Damit aber noch immer nicht genug: Während wir prüften, ob wir bspw. eine Menopause-Policy „brauchen“ (Eher nein, weil wir als Unternehmen bereits viele der dortigen Punkte umgesetzt haben, ohne sie unter der Überschrift Menopause zu sehen) hatten wir auch noch die Möglichkeit für einen Gastauftritt im NZZ-Format. Eines meiner persönlichen Highlights war, dass wir unseren damaligen Geschäftsführer, Markus Fuchshofen, für ein kurzes Interview mit sehr persönlichen Statements rund um die Wechseljahre gewinnen konnten.
Wo stehen wir jetzt?
Wir haben es geschafft, die Wechseljahre aus der Tabu-Ecke zu holen. Mir persönlich fällt auf, dass es mir sehr viel leichter fällt, über die Thematik zu sprechen und mit Kolleg*innen dazu in den Austausch zu kommen. Übrigens fällts mir auch privat viel leichter, vermeintlich „peinliche“ Dinge anzusprechen! 😉
Und weil wir gemerkt haben, wie viel mehr Qualität im Miteinander es bringt, wenn wir über unterschiedliche Aspekte aufgeklärt sind, haben wir eine ganze e-learning Reihe zu den Wechseljahren produziert! Diese veröffentlichen wir gerade sukzessive und merken auch hier wieder das große Interesse unserer Kolleg*innen. Wer weiß, vielleicht erreichen wir so auch noch mehr Männer! Warum wollen wir das überhaupt? Nun ja – jede*r Mann hat eine Mutter – und die meisten finden in ihrem Umfeld weitere Frauen, die irgendwann dann auch in den Wechseljahren sein werden – Tanten; Cousinen; Schwestern; Kolleginnen; Freundinnen; (…). Da lohnt es sich doch, mehr über diese wichtige Lebensphase zu wissen, oder?
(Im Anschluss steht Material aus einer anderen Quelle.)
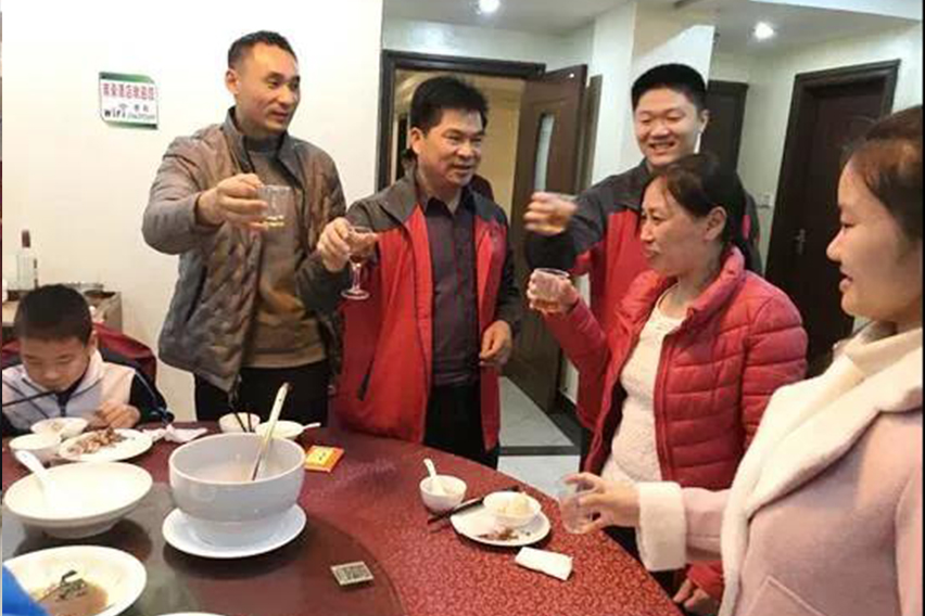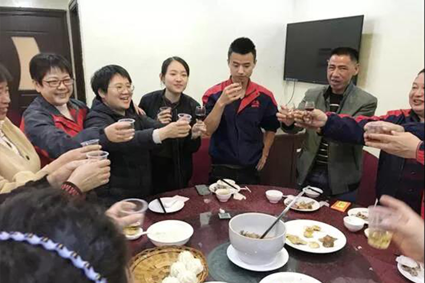 晚宴上,工會(huì)主席梁洪光代表集團(tuán)公司作了講話,并向全體外來員工致以節(jié)日的問候和深深的祝福。他說:“在新春佳節(jié)來臨之際,希望大家把萬事泰當(dāng)作是自己的家,安安心心、高高興興在萬事泰過大年?!彼€提到,“過去的一年有大家的努力,集團(tuán)在困境中能突破困難,迎難以上,取得了好成績(jī),集團(tuán)非常感謝你們!”

Es braucht aber noch eine ganze Menge mehr – praktische Unterstützungshilfen insb. für männliche Führungskräfte, das „Dranbleiben“ im Alltag, die Aufklärung für junge Kolleg*innen. Am liebsten würde ich meine Tasche packen und gemeinsam mit Susanne zu anderen Firmen wandern, um zu berichten, warum diese Thematik so relevant ist. Und warum es sich schlicht und ergreifend rechnet, wechseljahresbedingten Arbeitsausfällen (und damit meine ich gar nicht nur die klassischen Tage, an denen wir uns arbeitsunfähig melden, sondern die viel subtileren kleinen Leistungseinbußen, zu denen es kommen kann). Auf dass noch mehr Menschen vom Wissen profitieren können. Und deutlich weniger stirnrunzelnd fragen: Die Wechseljahre sind euer Thema – echt jetzt!?